Croatia will adopt the euro on January 1, 2023. Bulgaria’s hopes of doing likewise in 2024 look increasingly slim, however.
Challenging conditions mean that only limited progress has been made by non-euro EU members on economic convergence with the euro area since 2020, according to the European Central Bank.
The bank, which on June 1 published its biennial report assessing the progress of seven non-euro area EU members (six of which are in emerging Europe: Bulgaria, Croatia, Czechia, Hungary, Poland, Romania; the seventh is Sweden) did however give the green light for Croatia to adopt the euro on January 1, 2023.
The European Commission – in its own, complementary assessment – also found that Croatia fulfils the four nominal convergence criteria.
While the European Parliament, as well as the leaders of the bloc’s 27 member states, will still have to approve Croatia’s euro membership, the ECB and Commission’s positive assessment make the process a formality.

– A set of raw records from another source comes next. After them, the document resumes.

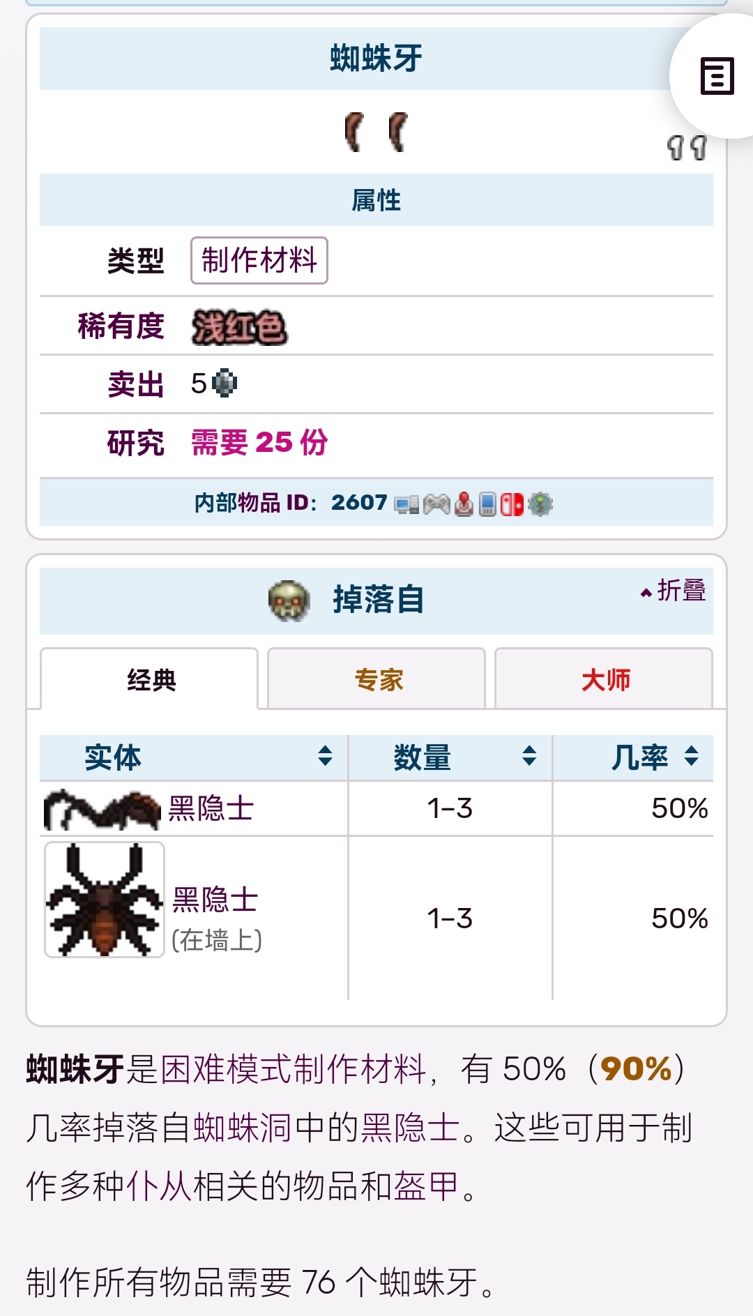 首頁 泰拉瑞亞 問答 泰拉瑞亞蜘蛛牙在哪獲得? 2022-10-11 蜘蛛牙是困難模式製作材料,有 50%(90%)幾率掉落自蜘蛛洞中的黑隱士。這些可用於製作多種仆從相關的物品和盔甲。製作所有物品需要 76 個蜘蛛牙。在困難模式剛開始時,不建議去打黑影士 因為你此時的裝備很大概率是打不過的。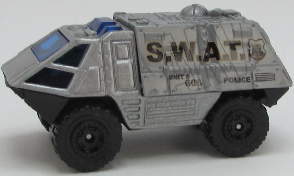 metallic silver, gray canopy, S.W.A.T. tampo |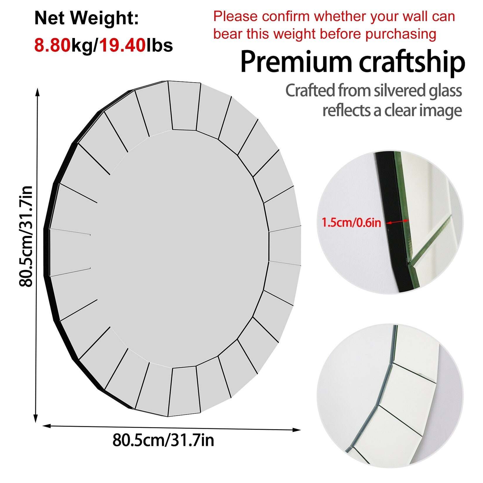 Créez une ambiance saisissante chez vous ou au bureau avec ce miroir d'appoint rond et contemporain. Décorez n'importe quel mur imposant avec ce miroir contemporain éblouissant et attirez tous les regards. Miroir rond contemporain transparent style soleil. Ce miroir d'appoint illuminera sans aucun doute votre intérieur et est parfait pour une touche de fraîcheur et de modernité. Un miroir est intégré au cadre, idéal pour un usage quotidien.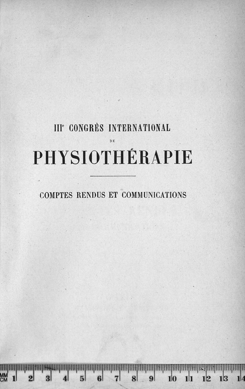 IIIe Congrès international de physiothérapie (20 mars-2 avril 1910): Comptes rendus et communications

Last week, Croatian MPs approved a law that paves the way for the introduction of the euro currency next year. The country will be the 20th to adopt the single currency, and the first since Lithuania in 2015.

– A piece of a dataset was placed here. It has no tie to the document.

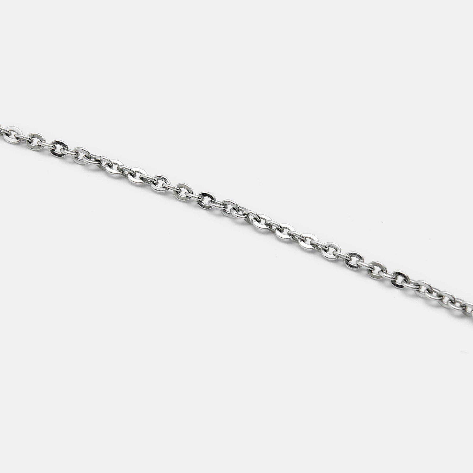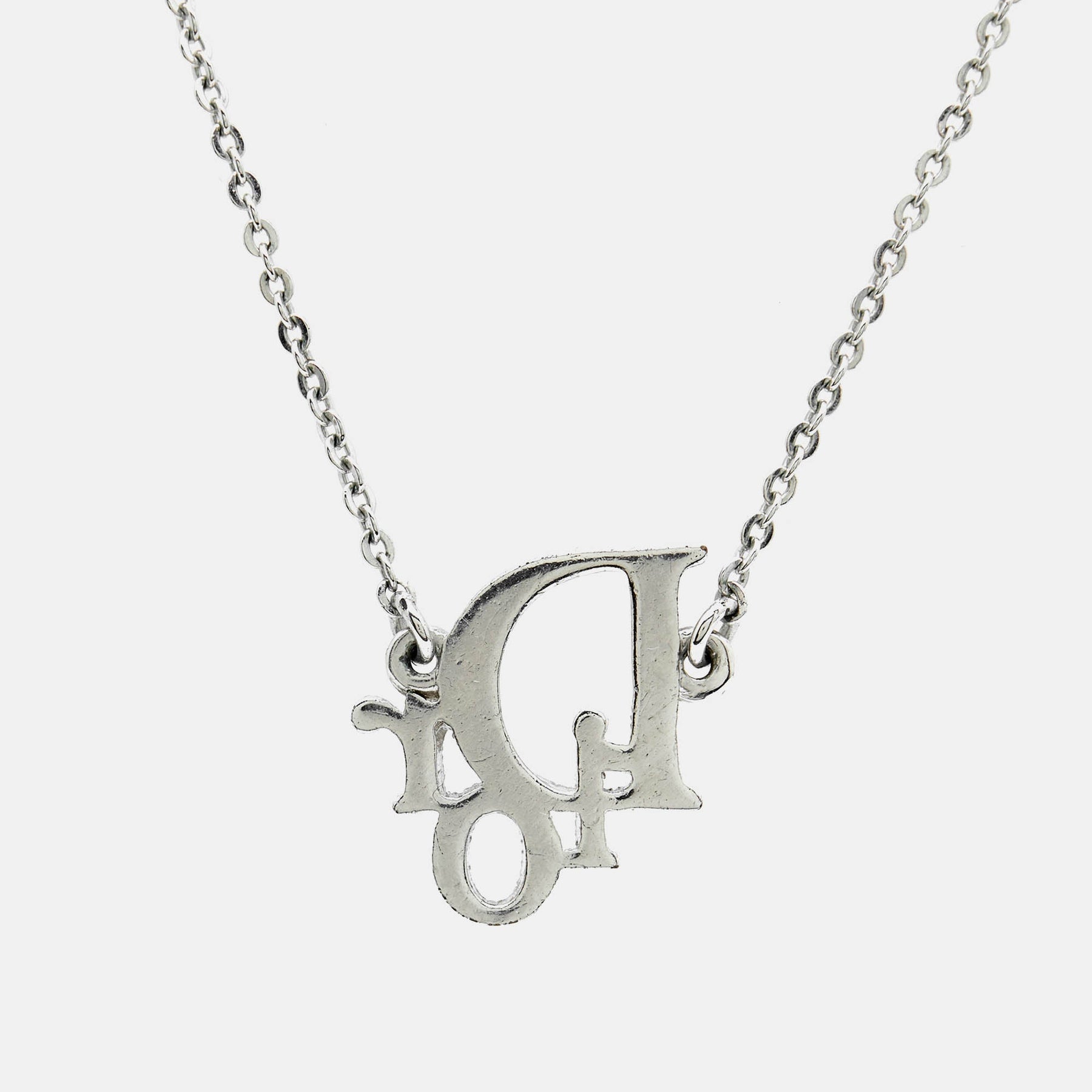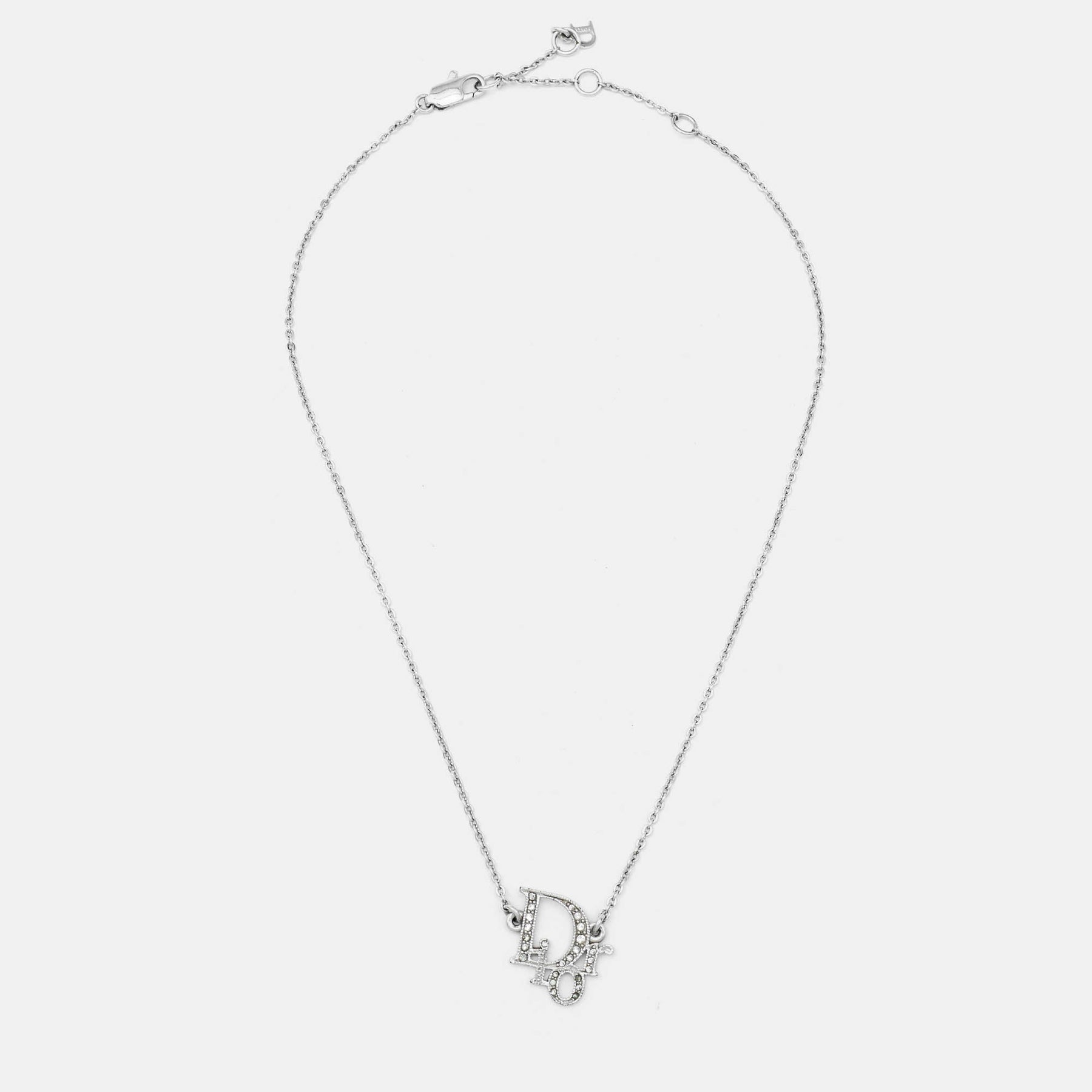 This silver tone necklace from Dior features a sparkling pendant suspended on a slender chain. Gracefully designed, the pendant is crystal encrusted D.I.O.R lettering. Its design is completed with a silver tone medallion dangling from the lobster clasp.

Croatia, along with Bulgaria, has been part of the European Exchange Rate Mechanism II since 2020, a system for managing exchange rate fluctuations and smoothing the path of entry into the single currency, which includes ECB supervision of their main banks.
In April 2022 the 12-month average rate of HICP inflation in Croatia was 4.7 per cent, below the reference value of 4.9 per cent for the criterion on price stability, while the country’s general government budget balance was just below the three per cent deficit threshold in 2021. Its debt ratio was above the 60 per cent reference value, but on a downward trajectory.

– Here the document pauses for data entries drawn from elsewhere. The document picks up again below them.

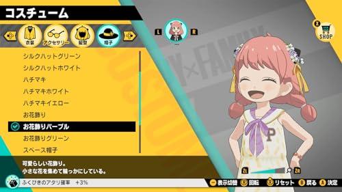 通常1-5営業日で発送≪新品・未開封品≫:「SPY×FAMILY」が初の家庭用ゲーム化!アーニャになって「SPY×FAMILY」の世界を満喫しようイーデン校の課題で絵日記を書くことになったアーニャ。 平日は学校に通い、お休みの日は海や水族館などいろんな場所へ家族でおでかけして、絵日記に書く題材を集めていきましょう。 服・アクセサリー・髪型は合計80種類以上!めいっぱいオシャレしておでかけしましょう。「SPY×FAMILY」らしいちょっとおかしな日常を体験できるミニゲームも15種以上収録。アーニャの超能力を使えば相手のトランプの手札を読み取ることも!?一緒に遊んだり、勉強を教えてもらったり、お馴染みの登場人物たちと過ごすかけがえのない時間。はたしてアーニャは、絵日記を完成させることができるでしょうか?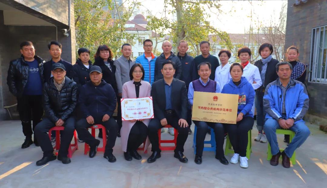 近日,天津美术学院荣获由国家机关事务管理局、国家发展改革委、财政部联合颁发的“节约型公共机构示范单位”荣誉称号。基建后勤处处长贾群祥带领能源中心袁金玲将奖牌领回。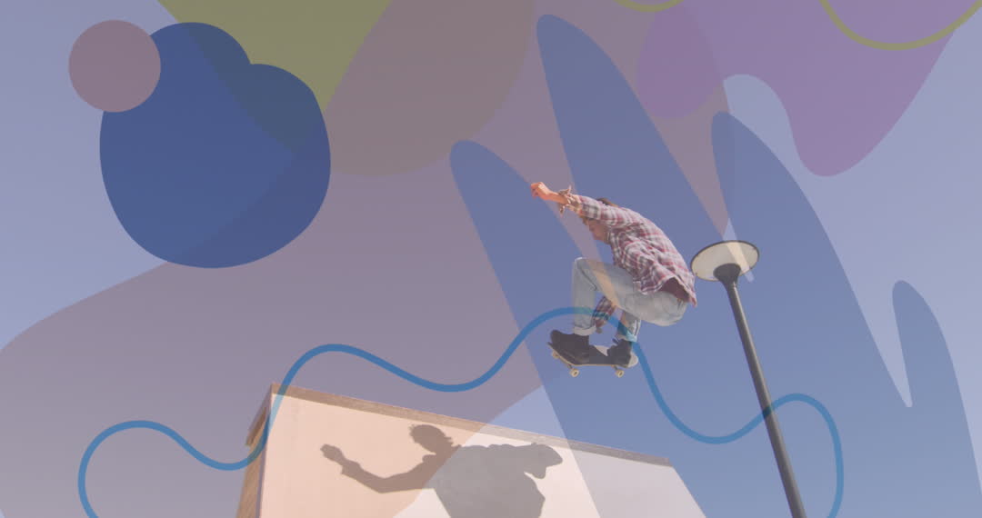 Energetic scene highlighting a skateboarder performing a jump interspersed with vivid abstract shapes, conveying a blend of physical intensity and creative flow. The vivid graphics represent an artistic graphic overlay suitable for creative projects or editorials focused on lifestyle, modern sports, innovation in art and design.
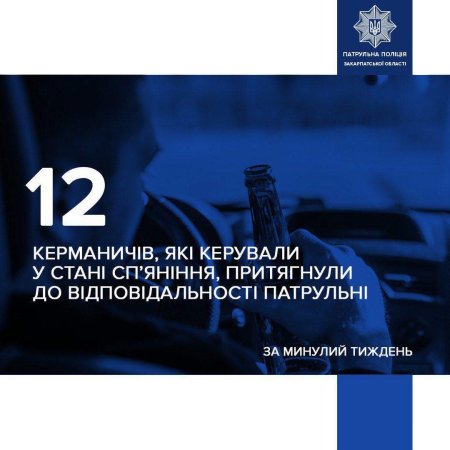 За минулий тиждень поліцейські притягнули до відповідальності 1️⃣2️⃣ водіїв, які керували у стані сп’яніння.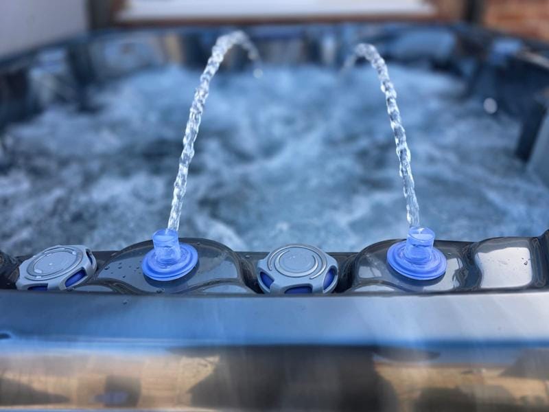 This hot tub includes air blowers – dedicated fans that push air through tiny ports around the seats. Instead of blasting water like hydro jets, they send air only, creating a gentle, fizzy “champagne bubble” sensation that lifts the body and helps you unwind. It’s perfect for a relaxed, social soak or for softening the muscles before you turn the hydro jets up for a deeper massage.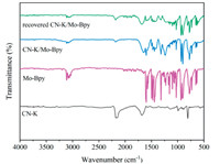 | Fig. 6. FT-IR spectra of CN-K, Mo-Bpy and CN-K/Mo-Bpy (fresh and recovered). | |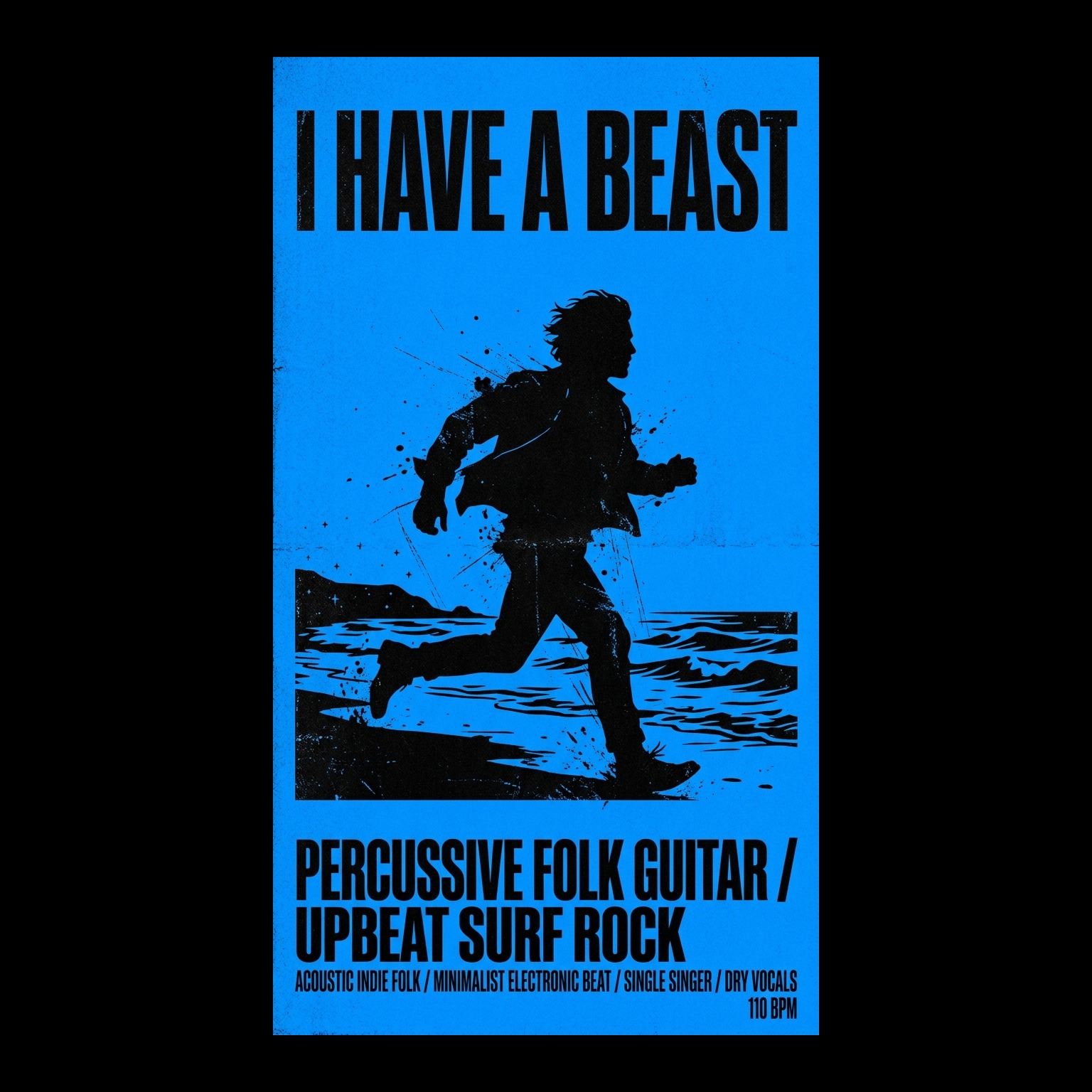 Acoustic Indie Folk, Upbeat Surf Rock, Minimalist Electronic Beat, Percussive Folk Guitar, Solo Male Voice Only, Dry Vocals, 110 BPM, No backing vocals, No harmonies, Single singer

“Today marks a historic milestone on Croatia’s European journey, reflecting the determined efforts the Croatian authorities have made to meet the criteria for entry into the euro area,” said Paolo Gentiloni, Europe’s economy commissioner. “The Croatian people can now look forward to joining more than 340 million citizens already using the euro as their currency, a rock of stability in these turbulent times.”
Zdravko Marić, Croatia’s finance minister, welcomed the assessments of the ECB and Commission, and said that euro membership would further integrate Croatia’s economy “with the most developed group of countries in the world”.